Source deduplication attacks the problem earlier in the process than target deduplication, removing redundant data at the application server, often through an agent installed on the server. The main advantage is the system sends less data over the network, reducing the strain on bandwidth; the chief downside is the additional processing overhead on the application server.
"That was a pretty big innovation, and it's definitely been a really popular feature for backup," said Rachel Dines, an analyst at Forrester Research Inc. in Cambridge, Mass. "It's great on file systems. I'm seeing a lot of people use it in virtual environments, because there's a lot of redundancy there as well. I'm also seeing people actually do backups over the WAN with source-side deduplication because there's so little data being sent."
AMB Property Corp. is finding source dedupe especially helpful in simplifying backup at far-flung data centers in San Francisco (primary site), Las Vegas (disaster recovery site), Boston, Shanghai, Tokyo and Amsterdam. The company had first tried backing up its server systems to tape over the WAN, but it encountered trouble getting a consistent success rate.
After exhausting other options, the IT operations team this year elected to deploy grids of servers running EMC Corp.'s Avamar and install agents across the WAN links. The agents, which are licensed based on storage capacity, deduplicate the data on the backup clients/application servers.
"The first backup is the most time consuming and the heaviest one, but each subsequent backup goes very, very quickly, sending only the changed data," said Jason Leong, vice president of network operations at AMB.

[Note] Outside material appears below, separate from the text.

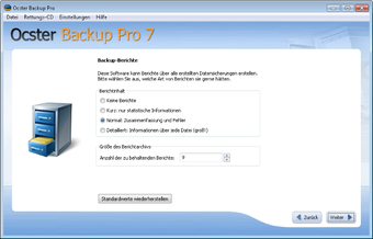 Die Backup-Datei stellt man über die Programmoberfläche von Ocster Backup Pro jederzeit wieder her. Gegebenenfalls muss man das zuvor festgelegte Passwort eingeben. Bei Bedarf legt man die Daten gegen Gebühr auf einem Server des Herstellers ab. Ein Protokoll informiert detailliert über die vorgenommenen Sicherungsvorgänge.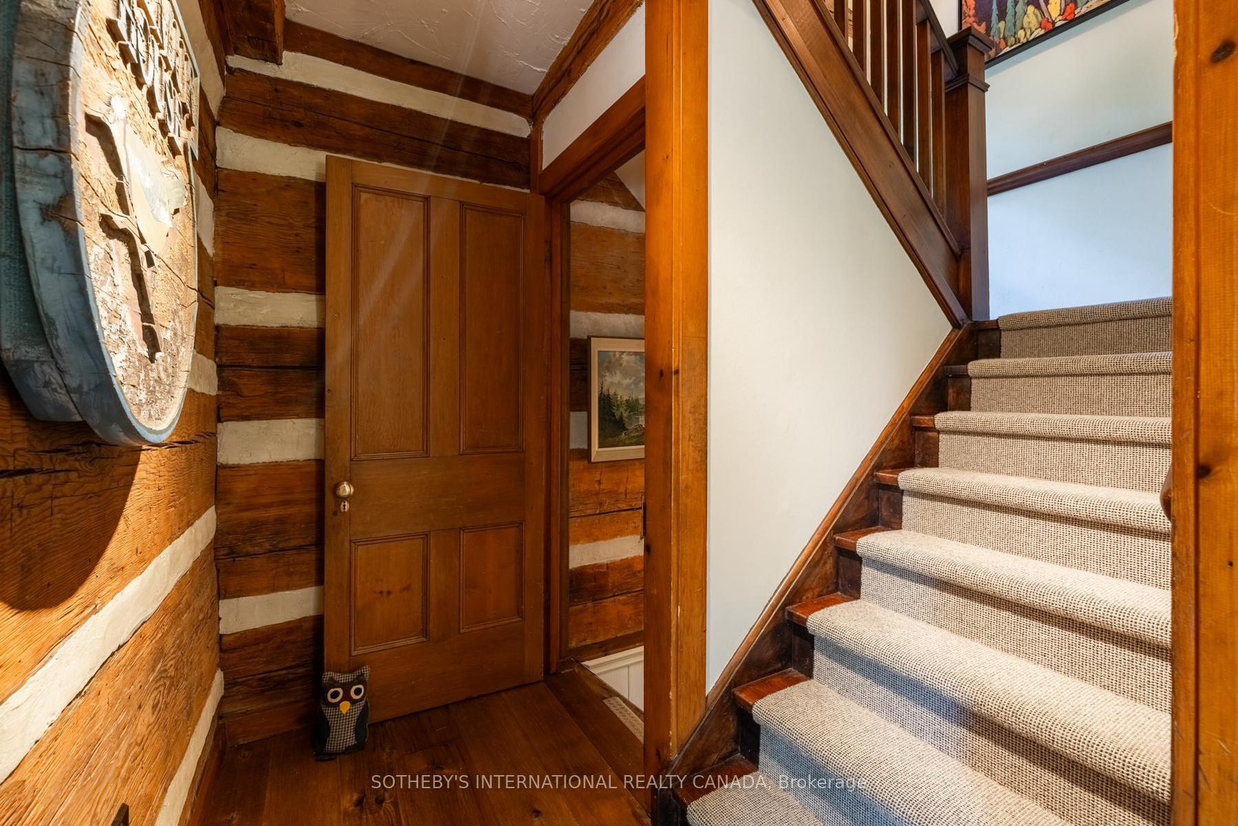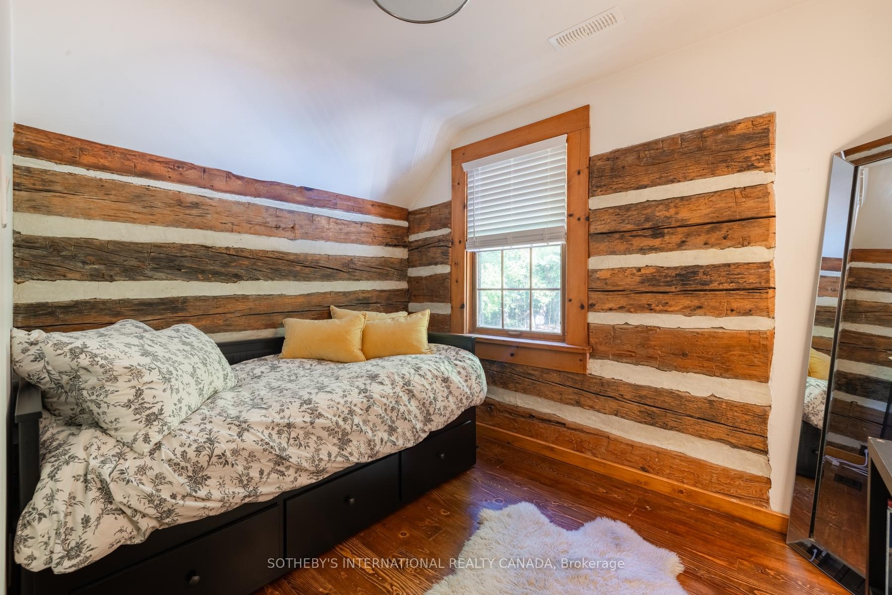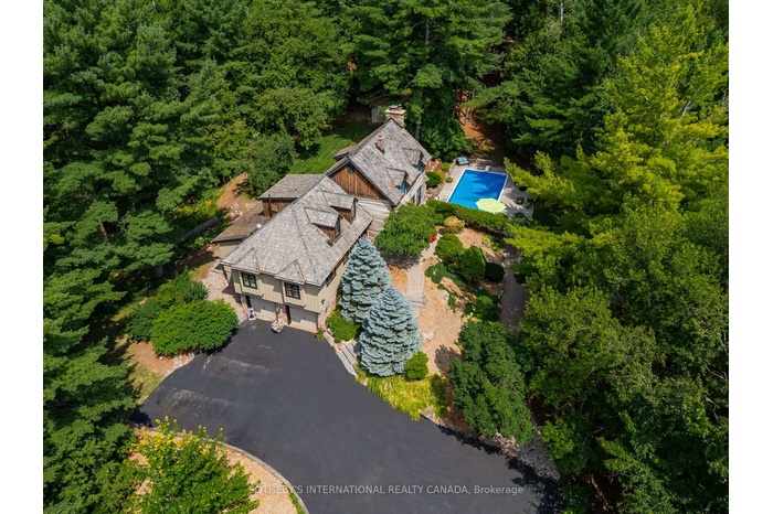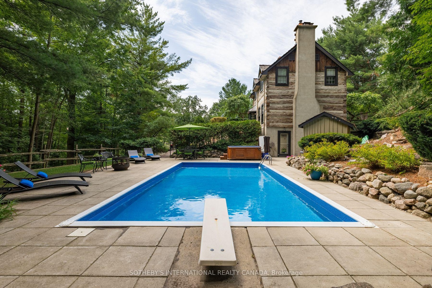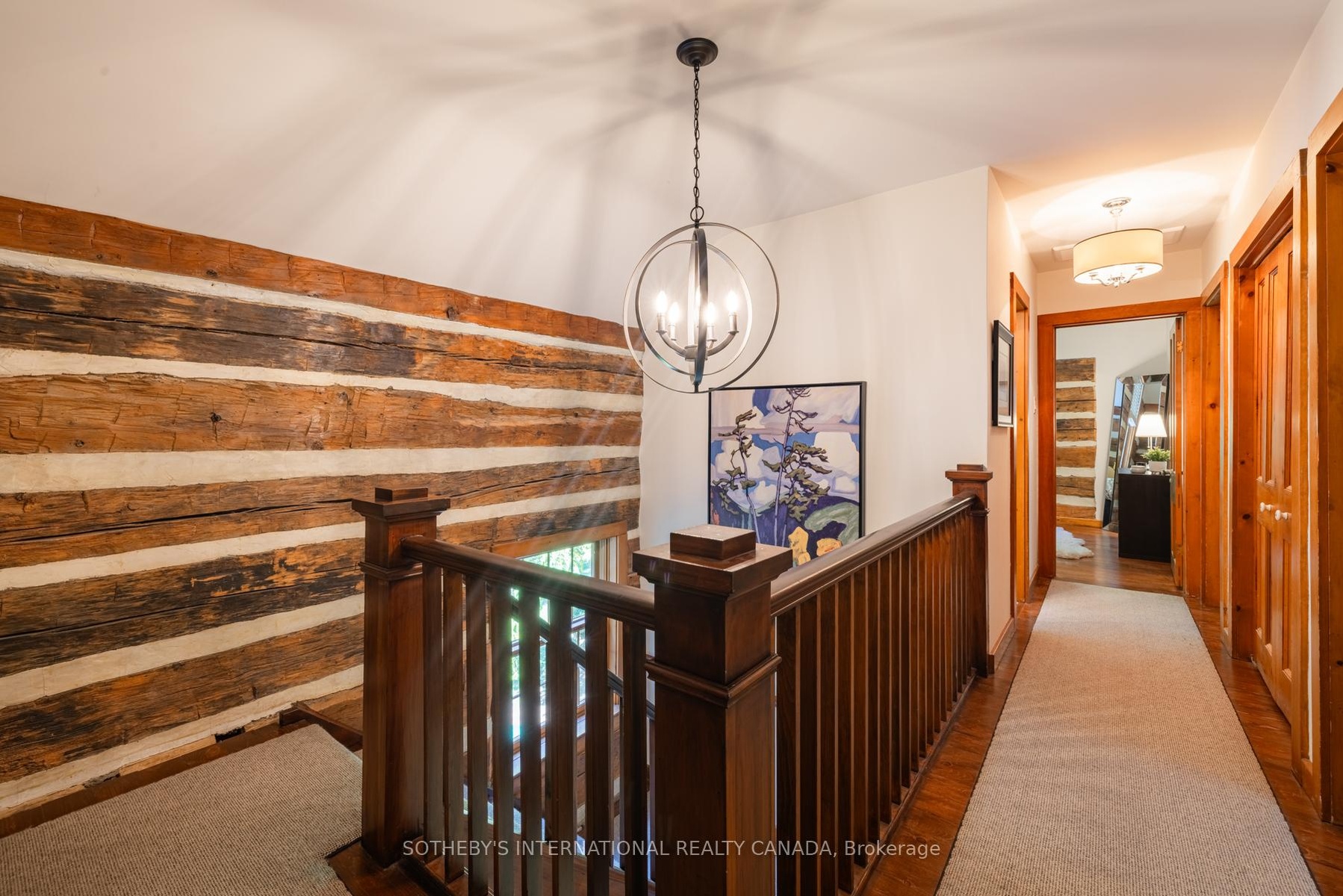 A property for all seasons; where swimming on a hot summer's day, a walk amongst falling leaves and time in a hot tub as the snow falls are all yours. This square log residence, sitting on over 10 acres, with a tasteful board and batten addition, really is the ideal country retreat. The best of both worlds come together with dinner in the city to then come home and wake up to the sound of birds and a flask of coffee on a crisp morning hike. Beginning with an inviting front hall, you find yourself drawn to an impressive stone fireplace with a built-in bread and pizza oven, perfect for late day gatherings. Throughout the main living area, beautiful hickory floors add warmth and character. The kitchen is truly the heart of the home, featuring soapstone counters, reclaimed natural oak flooring, a welcoming window seat, and exposed beams that evoke a rustic yet refined atmosphere. For those outdoor enthusiasts, a dedicated mudroom offers practical space for everything from dogs to hiking boots and hockey bags. The magic continues on the second floor with four charming bedrooms. The primary offers a spacious walk-in closet and an adjacent spa-like bathroom. Additional bedrooms provide ample space, including one that has been converted into a coveted dressing room. The lower level extends the living space with a family room complete with its own fireplace and walk-out as well as a separate area that could serve as a fifth bedroom or a quiet den. Plenty of storage ensures a place for everything. After some time in the sauna, a private outdoor oasis awaits with the pool and hot tub. This property is not just a home, it's a lovingly preserved piece of history, offering a rare opportunity for a unique and peaceful lifestyle. Ideal for those focused on exceptional independent schools, golf, horses and excellent commuting options from both King or Aurora.

A full backup of a data store once took eight to 12 hours and consumed a significant amount of bandwidth, but it now takes 30 minutes to 1.5 hours, according to Leong. The footprint is about 8 TB to 10 TB, rather than the roughly 30 TB that AMB would have had in the absence of deduplication. Daily backups of changed data are sometimes as low as 0.5 GB.
At its central data center, AMB currently uses Avamar's deduplication as well as traditional backup, with EMC's NetWorker and virtual tape libraries (VTLs). But, the company is working to integrate systems to enable NetWorker to use Avamar for backend storage and target-based deduplication, as it tries to shift away from VTLs and tapes, Leong said.
As was the case at AMB, a shift in backup strategy often coincides with the increasing use of virtual servers. In turn, scores of vendors have been working to ease the backup of virtual machines (VMs).
"All of these guys, bar none, are making it easier to work with VMware, in particular," said Arun Taneja, founder and senior analyst at Taneja Group. "There were dramatic changes over the past year: a lot more visibility and much better efficiency in extracting duplication out of virtual machines.
"But, in the grand scheme of things, we're in the very early stages of how to protect virtual machines," Taneja added. "In spite of the innovations, backup is still pretty primitive in the virtual server world today."
VMware Inc., the leading virtual server technology vendor, made available vStorage APIs for Data Protection to enable data backup software to perform central VM backups without the overhead of running backup tasks from inside individual VMs.
Major data backup software vendors followed suit with improvements, in response to continuing pressure from VM backup specialists such as PHD Virtual Technologies Inc., Quest Software Inc. and Veeam Software Corp., each of which designed software with virtual server environments in mind.
Bill Wheeler, a Windows operations manager at VW Credit Inc. (VCI), a subsidiary of Volkswagen Group of America Inc., said the company had no desire to abandon its Symantec Corp. NetBackup software as part of its backup overhaul to accommodate its heavily virtualized server environment.